‘You can’t mediate between good and evil’: Zelensky tells Israel how he really feels
In a bitter, accusatory address to lawmakers, Ukraine’s president castigates Israel for failing to help his country fight off Russia, savages Bennett’s approach to halting the war

David Horovitz is the founding editor of The Times of Israel. He is the author of "Still Life with Bombers" (2004) and "A Little Too Close to God" (2000), and co-author of "Shalom Friend: The Life and Legacy of Yitzhak Rabin" (1996). He previously edited The Jerusalem Post (2004-2011) and The Jerusalem Report (1998-2004).

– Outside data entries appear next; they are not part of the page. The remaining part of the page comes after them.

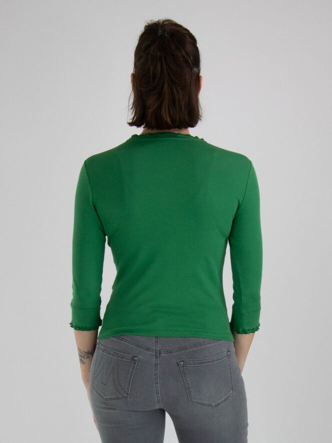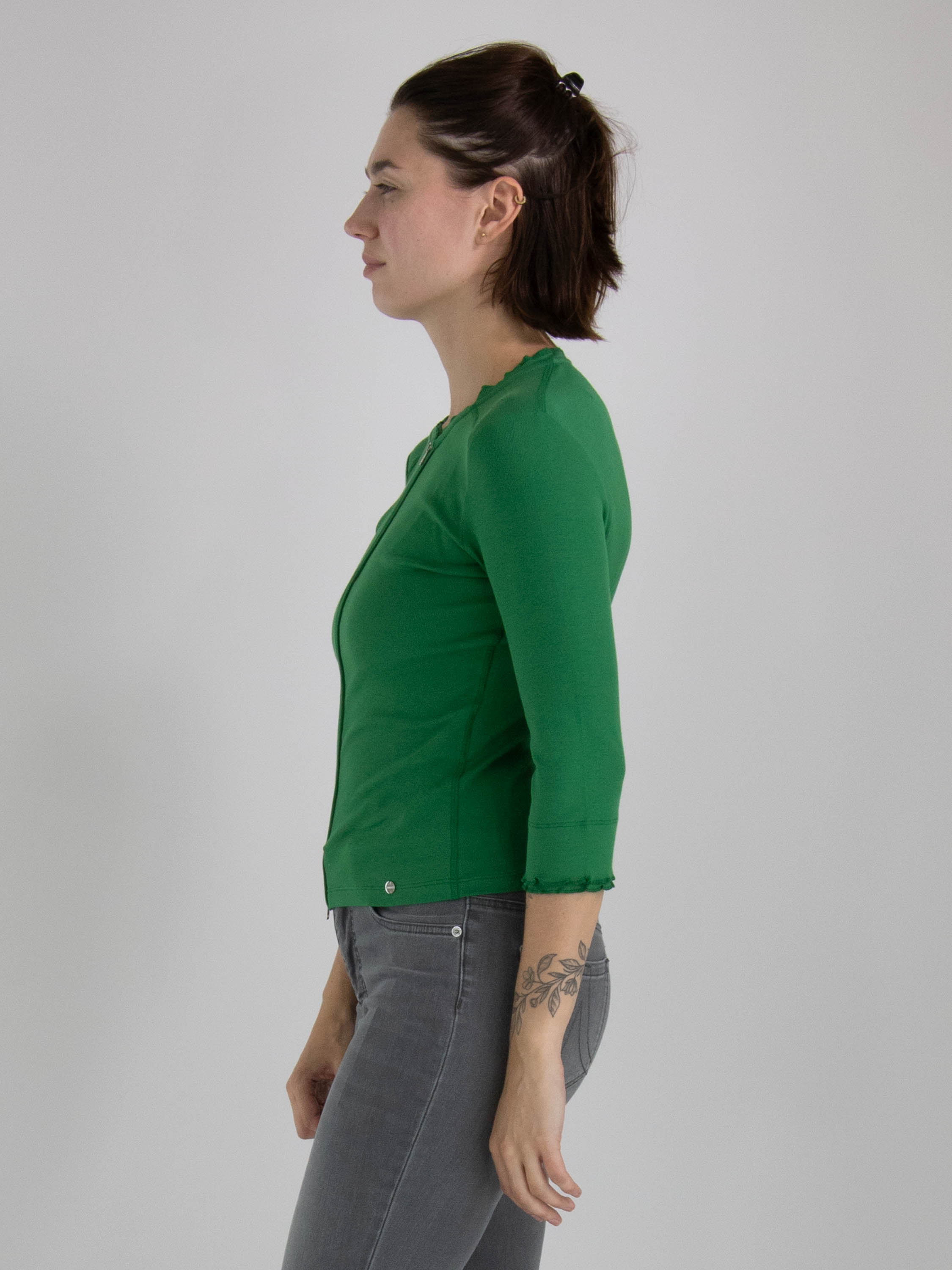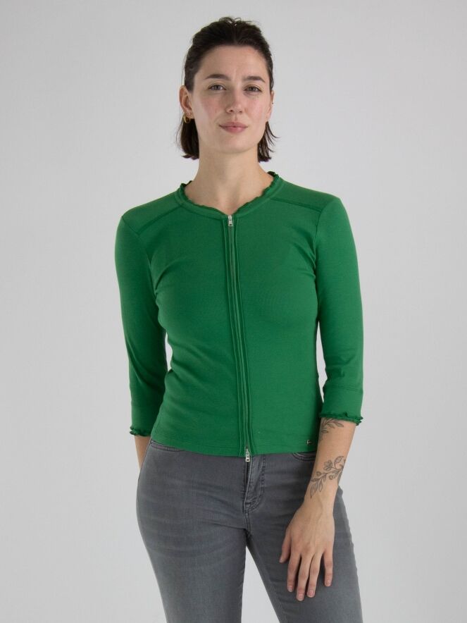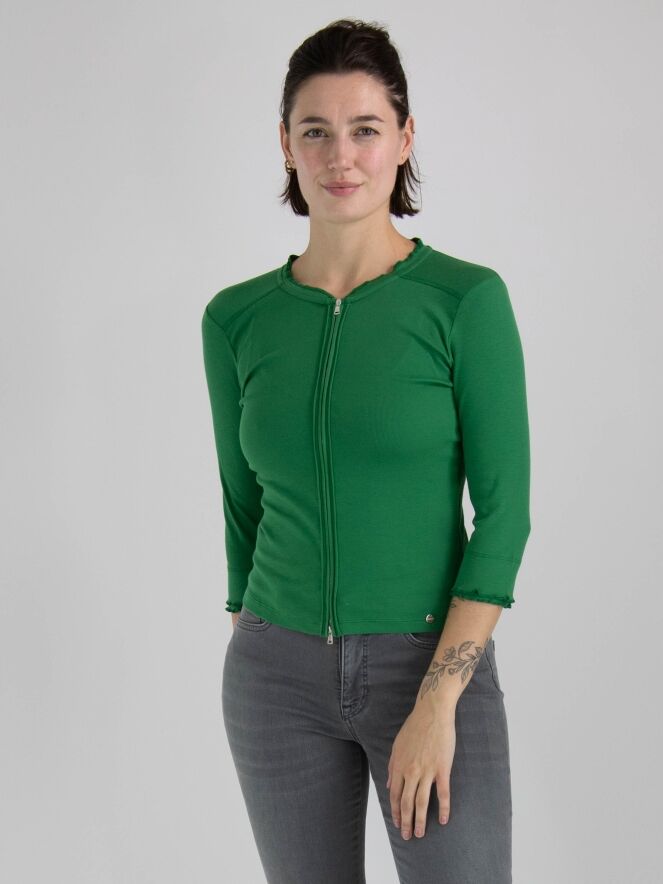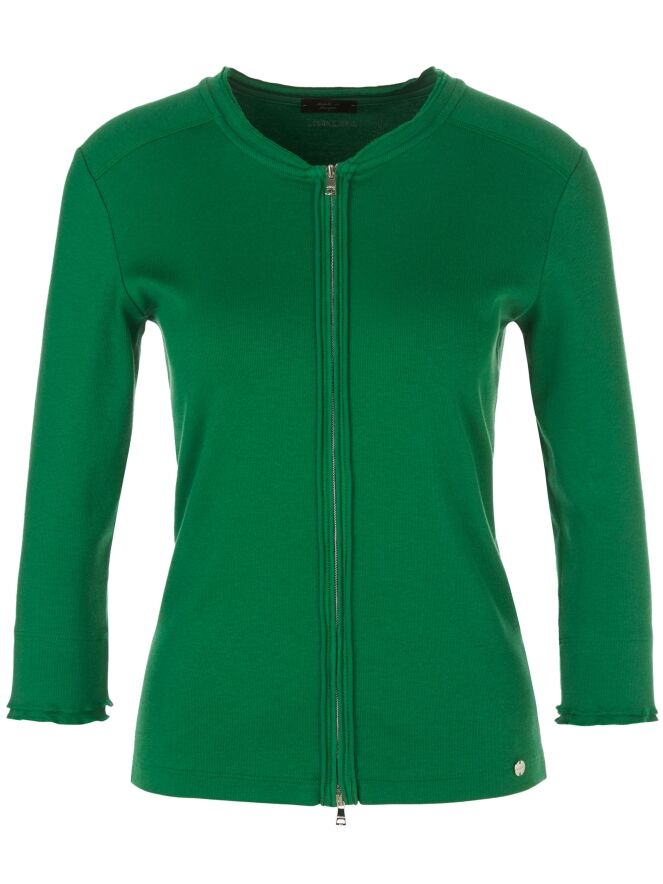 A short cardigan from Marc Cain in a finely ribbed structure and green color. The cardigan has half-length sleeves and a zipper closure. This cardigan can be washed at 30 degrees.
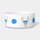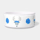 Esta tigela de comida de animais de estimação está cercada de fantasia com cabeças brancas de cervo com grandes galhos brancos, olhos azuis e rosas em suas cabeças. Bonito rosas azuis estão entre os veados.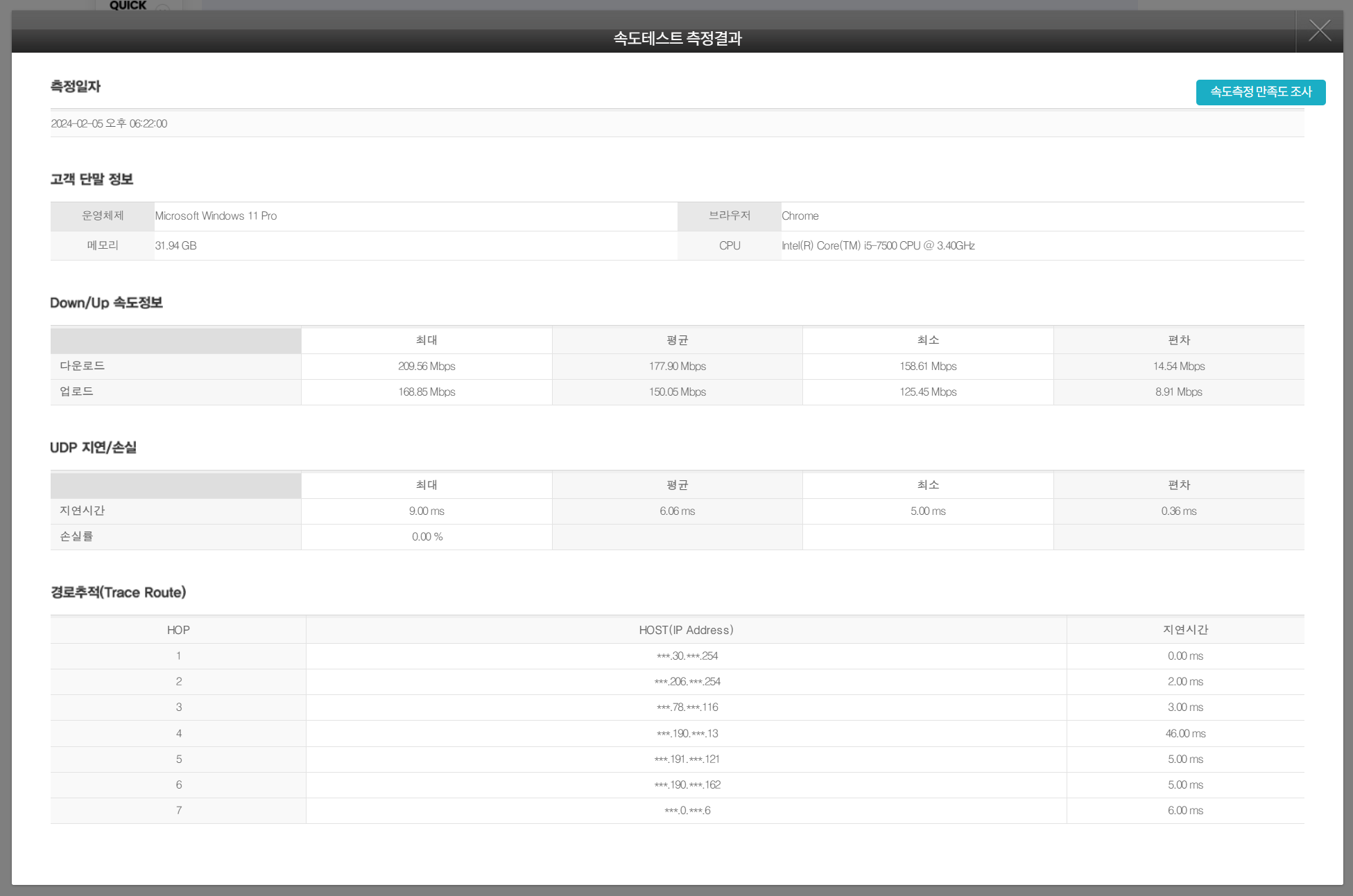 실성능은 어떨지 궁금해서 간단하게 속도측정을 해봤습니다. speedtest.net은 매 테스트 시마다 오차가 너무 커서 KT에서 제공하는 속도측정을 이용했습니다.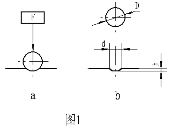 金屬布氏硬度試驗(yàn)系采用一定直徑硬質(zhì)合金球,以規(guī)定試驗(yàn)力壓入被測(cè)材料表面(圖1a)按規(guī)定保持時(shí)間后,卸除試驗(yàn)力,(圖1b)測(cè)量試樣表面的壓痕直徑,以計(jì)算出布氏硬度,并以下式計(jì)算之: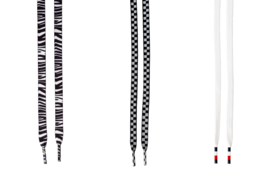 Stylish zebra, checkerboard, and classic white shoelaces on black background.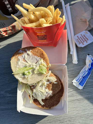 They gave me a new fry... I drive away, the fries are cold and mixed in with hot one and over salty!! These are for my kids, so I went back in to exchange it again. Were talking almost $6.00 for fries more exactly $5.60. The fries should be hot and fresh!! It's 1:27 pm Absolutely no excuse to have cold fries after such a long wait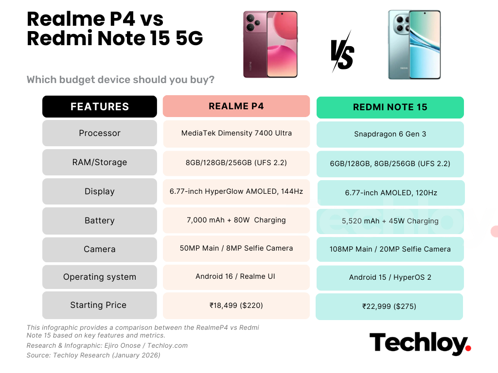 Here is a comprehensive comparison of the Realme P4 and the Redmi Note 15.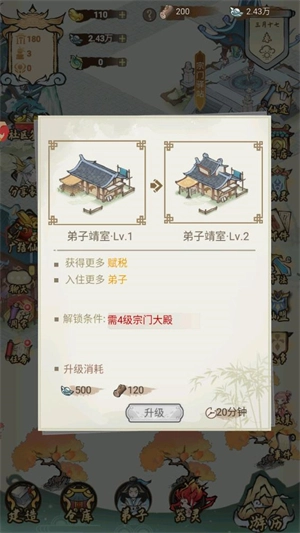 5、消耗银两与材料可升级建筑,持续提升宗门等级,打造出最出色的宗门。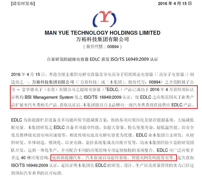 这次华锋股份停牌除了收购万裕科技的铝箔资产之外,其主菜应该是收购新能源汽车资产。而万裕科技于多年前布局的超级电容(亦称双电层电容或EDLC)恰好能应用在新能源汽车上。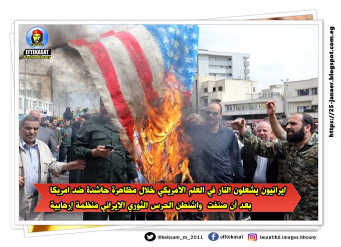 ايرانيون يشعلون النار في العلم الأمريكي خلال مظاهرة حاشدة ضد امريكا بعد أن صنفت واشنطن الحرس الثوري الإيراني منظمة إرهابية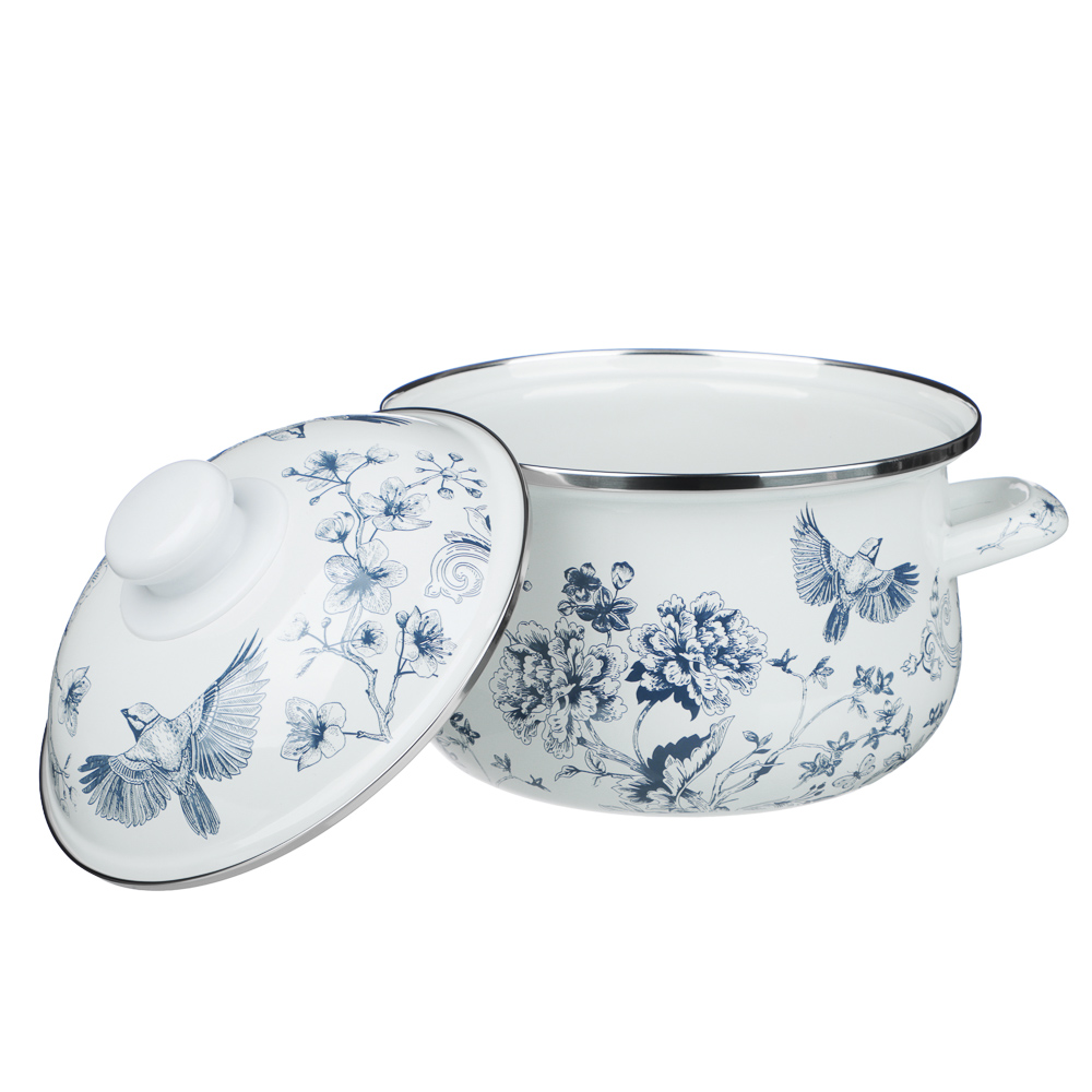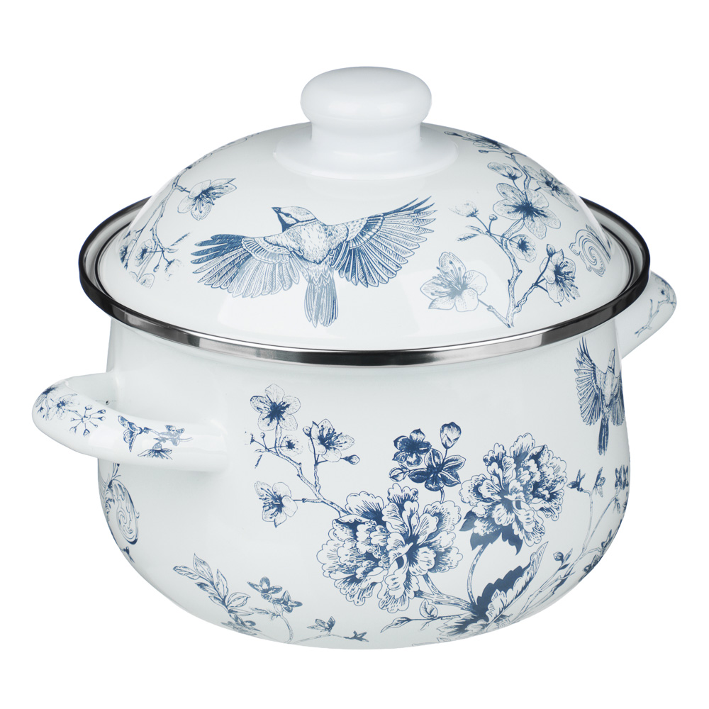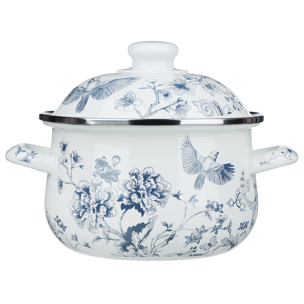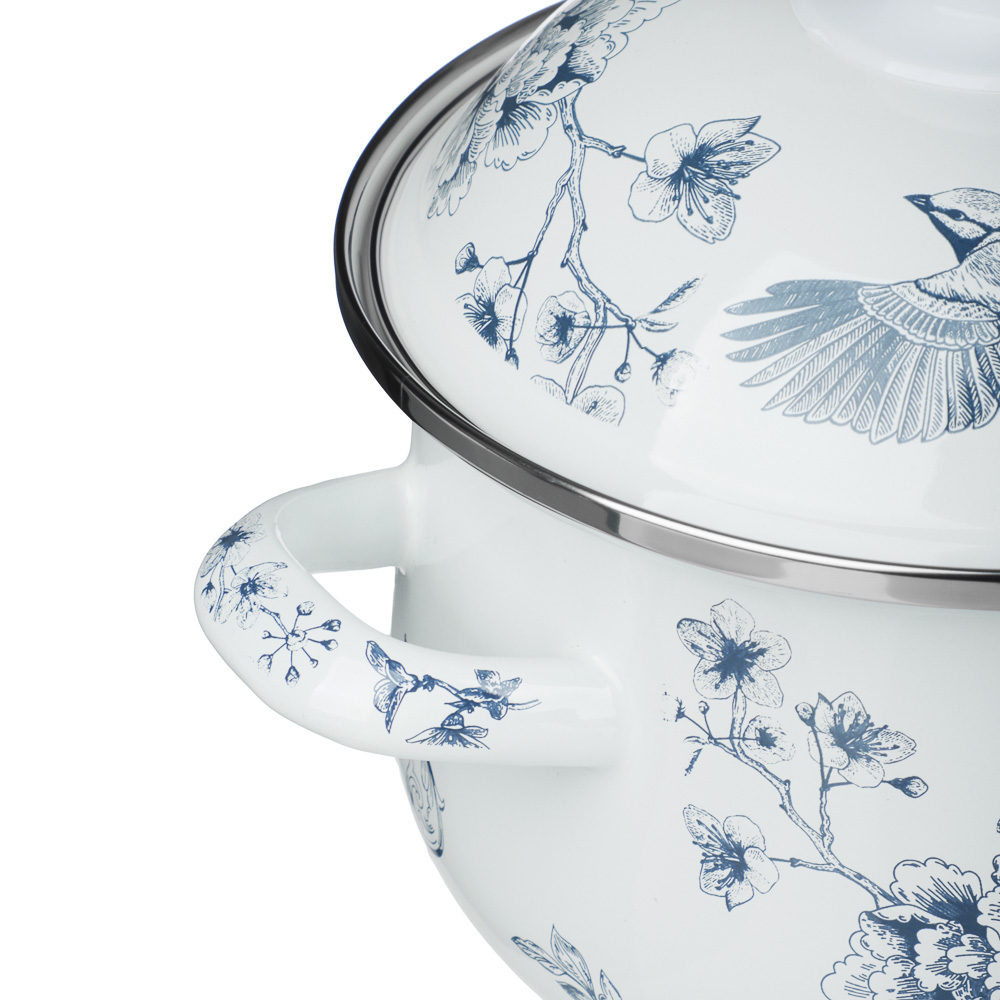 Ненагревающаяся ручка на крышке выполнена из термостойкого пластика. Лаконичный однотонный рисунок в виде цветов и птицы синего цвета создает на кухне атмосферу спокойствия и уюта, добавляя выразительности в интерьер. Кастрюля подходит для всех типов плит, включая индукцию.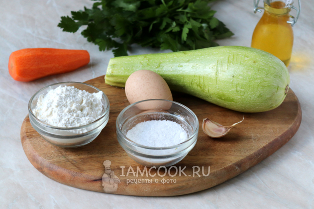 Для приготовления кабачковых оладий в мультиварке подготовьте продукты по списку. Кабачок помойте под холодной проточной водой, морковь и чеснок почистите.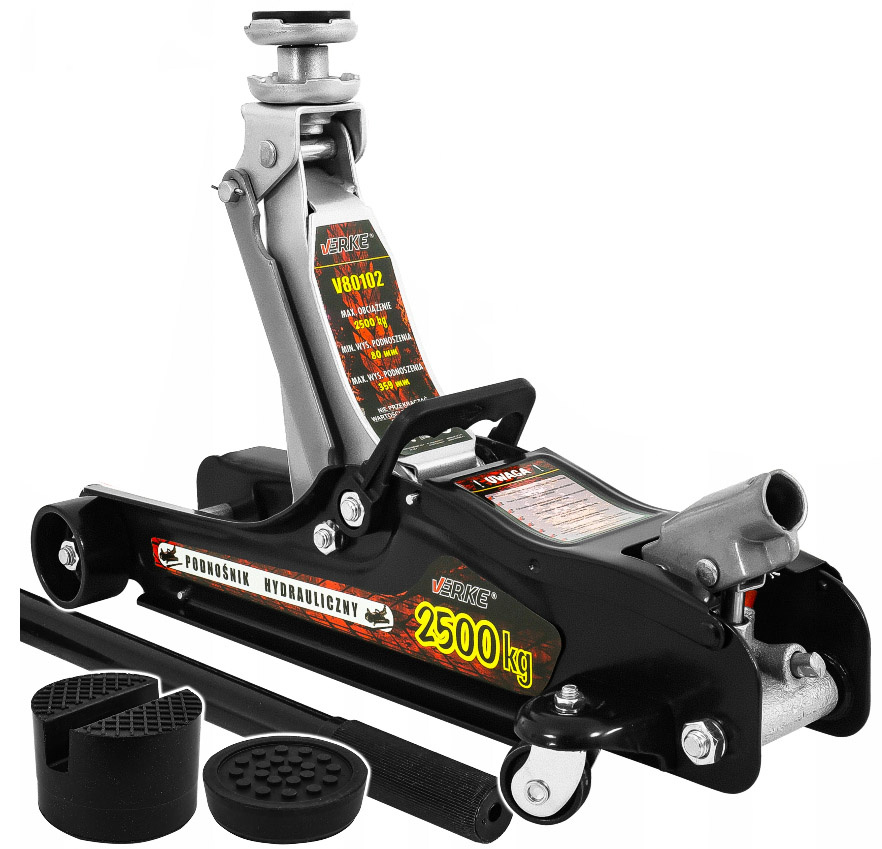 Nízkoprofilový hydraulický zvedák o nosnosti 2500kg. Nízký profil je předurčen pro sportovní automobily a auta se sníženým podvozkem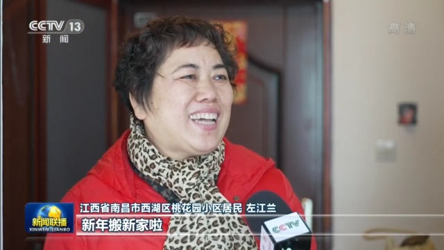 江西省南昌市西湖区桃花园小区居民 左江兰:新年搬新家啦,你看我们现在房子真的好舒服,而且我们上下电梯,旁边周边的设施也好,风景又好,我们在这里幸福满满的。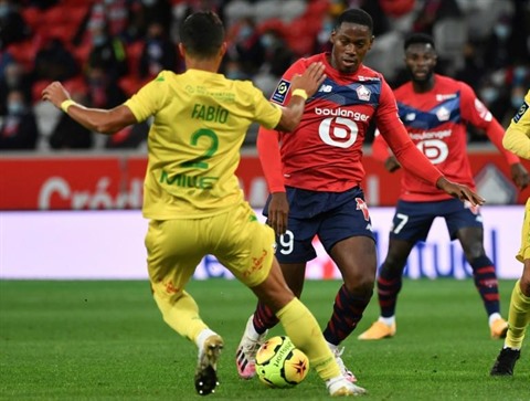 | Jonathan David face au défenseur de Nantes Fabio Da Silva, le 25 septembre au Stade Pierre-Mauroy de Villeneuve-d'Ascq. |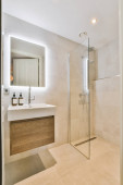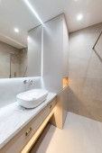 Zdjęcie "Wnętrze łazienki z ceramicznym zlewem i wanną" może być wykorzystywane do celów osobistych i komercyjnych zgodnie z warunkami zakupionej licencji Royalty-free. Obraz jest dostępny do pobrania w jakości wysokiej rozdzielczości do 5760x3840.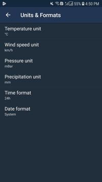 - Change unit setting: Temperature (C/F), Time format (12h/24h), Precipitation (mm, inch), wind speed (km/h, mi/h, m/s), pressure (mmhg, hPa, mbar)

The Jewish president of a country fighting for its very survival addressed the lawmakers of the perenially threatened Jewish state on Sunday evening. One might have expected the event to be stirring and electrifying.
Instead, Ukrainian President Volodymyr Zelensky’s speech was angry, accusatory, despairing, and brief — lasting less than 10 minutes.
He used it to make clear his belief that the Israeli government’s refusal to provide arms and fully open its doors to Ukrainian refugees is immoral — and shockingly so, given the Jewish people’s plight at the hands of the Nazis. And he savaged Prime Minister Naftali Bennett’s strategy in a mediation effort with the Kremlin that he himself initially requested.
As Zelensky noted, Israel has declined to supply Ukraine with defensive weapons — he cited the Iron Dome missile defense system, but his ambassador’s public requests for flak jackets and helmets have also been refused. Israel has placed entry limits on Ukrainian refugees, he pointed out. It has chosen not to impose serious sanctions on Russia, he added.
The Israeli leadership’s fear of alienating Russia saw Zelensky’s initial request to formally set out his country’s case in an address to the Knesset rebuffed — with pretexts about parliament being in recess and undergoing renovation, when any appropriate hall could have served the purpose.
He was thus reduced to a speech via Zoom, albeit one that was attended by the overwhelming majority of Israel’s lawmakers, screened on the country’s main TV stations, and watched by a substantial crowd in Tel Aviv’s Habima Square.

Rather than prompting empathy or a reevaluation, the immediate response from several lawmakers to his appearance was furious objection to the frequent parallels he drew between the plight of Ukraine — its cities bombed, thousands killed, and millions homeless — and that of the Jews in the Holocaust. He claimed that the Kremlin is speaking of this war as the final solution to the Ukraine question. Likud MK Yuval Steinitz, a former minister, said his use of such comparisons “borders on Holocaust denial.”
But then Zelensky, in his tone of baffled despair, taking a few minutes’ break from galvanizing his country’s resistance to invasion, spoke with the air of a leader who has all but given up on this potential ally. “You know how to protect your political interests, and to help Ukraine, to protect Ukrainians, to protect the Jews of Ukraine.” And yet, he charged, Israel was opting not to do so.
“Can you explain why we’re still waiting” for help from Israel? he wondered bitterly. “What is it? Indifference? Political calculation? Mediation without choosing sides?”
“I’ll leave you to provide the answers to these questions,” he continued, but offered his own conclusions nonetheless. “I want to point out that indifference kills,” he said. “Calculations can be wrong.” And, fist clenched, making crystal-clear how he really feels about Bennett’s mediation efforts between Kyiv and Moscow, “You can mediate between countries, but not between good and evil.”

Israel and Israelis will have to live with the choices they have made during this war, Zelensky told those watching political leaders in their little Zoom boxes. And then he went back to fight it without them.
Hebrew media reported later Sunday that Bennett and Foreign Minister Yair Lapid were “surprised” by the ferocity of the Ukrainian president’s critique. Nonetheless, “senior sources” were quoted by Channel 12 saying Israel’s policies will not change in the wake of his address. Precisely as he would have expected.